From the beginning, the Weimar Republic were under great pressure from both left-wing and right-wing extremists. As mentioned earlier in November 1918 there was a power vacuum in the German government, there were three main groups scrambling to fill this space; firstly the Conservatives who wanted an authoritarian form of government, to make Germany more like it had been before the war. Next were the Liberals and moderate socialists who wanted to turn Germany into a modern democratic republic, and lastly were the Spartacist league who were the German communist party, they wanted Germany to become a communist state like Russia.
On the 5th January 1919, the Spartacist league led by Karl Leibknecht and Rosa Luxemburg, tried to take control of Berlin, they occupied buildings, organized a general strike and formed a revolutionary committee, however a group of hard men, called the free corps, were about to stop all of this, they despised communists and liked a fight. On the 10th January 1919 the free corps attacked, they captured a newspaper building held by the Spartacists, shot several of them and beat up the rest. The next day they captured all other occupied buildings in central Berlin, two days later they caught the Spartacist leaders and brutally murdered them. The rising thus failed.
The Constitution is a set of rules which state how a country should be run. On the 31st July 1919 Germany accepted the Weimar constitution however this wasn’t all for the best. It gave equal powers to those people who wished to destroy the Weimar Republic. The constitution gave each state their own regional government who had the right to make local laws they could be hostile to the national government in Berlin and try to overthrow it. Article 48 gave great power to the president this meant that he could destroy the republic and turn himself into a dictator.
The Treaty of Versailles was the peace settlement signed after World War One had ended in 1918. The terms of the Treaty of Versailles were: war guilt; Germany had to take sole responsibility for the outbreak of World War One, this is untrue, the reasons for the outbreak of world war one were very complex and the Germans felt very angry that Germany alone had to take the blame for the war. The second was reparations; because Germany was forced to take full responsibility for the war the Allies could claim compensation for the damage done, Germany had to pay a total of £6600 million in annual installments and this meant that the government had less money to spend on Germans.
Another of the terms was military restrictions; the French wanted Germany to be made weak so that they could not start another war, this meant that: Germany was not allowed to have an air force, the army was limited to 100,000 men, the navy was limited to 15,000 sailors, 6 battleships and no submarines and lastly the border area of Germany near France was occupied by foreign troops and no German troops were allowed there. This term was unfair because if Germany was attacked then she would be at a disadvantage if she didn’t have a navy or air force and her enemies did also because before the war Germany had an army of nearly 2 million, to have an army of a mere 100,000 was a humiliating insult.

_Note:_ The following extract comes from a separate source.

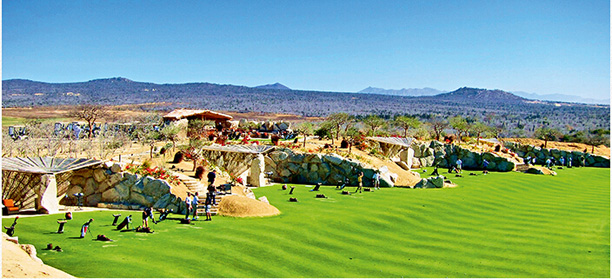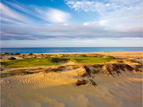 按照拉夫三世的说法,在迪亚曼蒂打球,你只会身处三个场景之中:冲着大海打球,沿着大海打球或背向大海打球。拉夫三世将18洞蜿蜒布局于大面积沙丘地当中,实际上,球场建成之前,那里生长着大面积的树形仙人掌。例如,四杆洞9号洞便如蛇形般一样穿梭在树形仙人掌林中。

The last of the terms was territorial losses; Germany lost 13% of its territory and 6 million Germans now found themselves living in a different country. They lost territory such as: Alsace Lorraine to France, Posen and Silesia to Poland, North Schleswig to Denmark, Eupen and Malmedy to Belgium and all of her oversea colonies to Britain and France. Many Germans were distressed to find themselves now living in foreign countries due to the border changes enforced by the Treaty of Versailles. Germany was also a very proud nation and were very upset that they had to give their overseas colonies to their old enemies France and Britain. On 11th November 1918, representatives from the Weimar republic had to sign the Armistice which ended World War One. Many people in Germany didn’t accept that Germany had lost the war. They felt that they should have carried on fighting. The Treaty of Versailles bought in after the war was detested in Germany and the government was held responsible for signing that as well. This meant that the government faced a great deal of resentment and distrust and therefore it was not very stable. Besides trying to solve all the other problems, they needed to get people to accept the new style of government.
It’s an astonishing amount of problems that the Weimar Republic was faced with. They had to try overcoming the devastation that remained from World War One, the Treaty of Versailles, the Constitution and the Spartacist Uprising. Perhaps the greatest danger was the weakness within; the constitution gave the president, the states and the army too much power, whilst proportional voting meant the Reichstag was divided and weak, however worst was yet to come.